Where we dug . . . and what we found there

The Greyfriars Project had a series of five progressive research objectives:

  1. Find the remains of the Franciscan friary.
  2. Identify clues to the position/orientation of the buildings.
  3. Within the friary, locate the church.
  4. Within the church, locate the choir.
  5. Within the choir, locate the mortal remains of Richard III.

Objective 1 was a reasonable expectation; 2 was a probability; 3 was a possibility, 4 was an outside chance; 5 was not seriously considered possible.

March 2011

Philippa Langley of the Richard III Society commissions ULAS (University of Leicester Archaeological Services) to conduct a desk-based assessment of the Greyfriars area, using old maps and documents to trace the development and use of the land. This identifies two potential areas for excavation: the Leicester City Council Social Services staff car park and the adjacent playground of the former Alderman Newton’s School. A third area, a public car park on New Street, is also potentially available.

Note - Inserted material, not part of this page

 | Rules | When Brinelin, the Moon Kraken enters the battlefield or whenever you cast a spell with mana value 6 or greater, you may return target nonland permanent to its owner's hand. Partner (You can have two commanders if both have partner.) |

1741 - Thomas Roberts Map Modern OS Map Car Parks

1741 - Thomas Roberts Modern Ordnance Survey Map Car Parks
Lead archaeologist Richard Buckley of University of Leicester Archaeological Services explains the background to the Greyfriars dig.

August 2011

  • Before digging begins, a ground penetrating radar survey (GPR) is carried out in the car park.
    Before digging begins, a ground penetrating radar survey (GPR) is carried out in the car park

A ground-penetrating radar (GPR) survey of the three areas reveals modern utilities such as water and gas mains, plus a number of ambiguous shapes. A layer of demolition-related rubble underneath the asphalt is probably disguising archaeological features. A ‘Written Scheme of Investigation’ is produced by Richard Buckley of ULAS with details of the size and position of two trial trenches to be excavated in the Social Services car park and a third in reserve to be opened in the playground.

Friday 24 August 2012

  • A road cutter is used to cut through the asphalt of the car park.
    A road cutter is used to cut through the asphalt of the car park.

The Greyfriars Project, a collaboration between the University of Leicester, Leicester City Council and the Richard III Society, led by Richard Buckley of ULAS, is formally launched with a press conference and media opportunities including medieval re-enactors and a direct descendant of Richard’s sister who has kindly agreed to provide mitochondrial DNA. Site director Mathew Morris and archaeologist Leon Hunt lay out the first two trenches and supervise the cutting of the car park surface with a road cutter.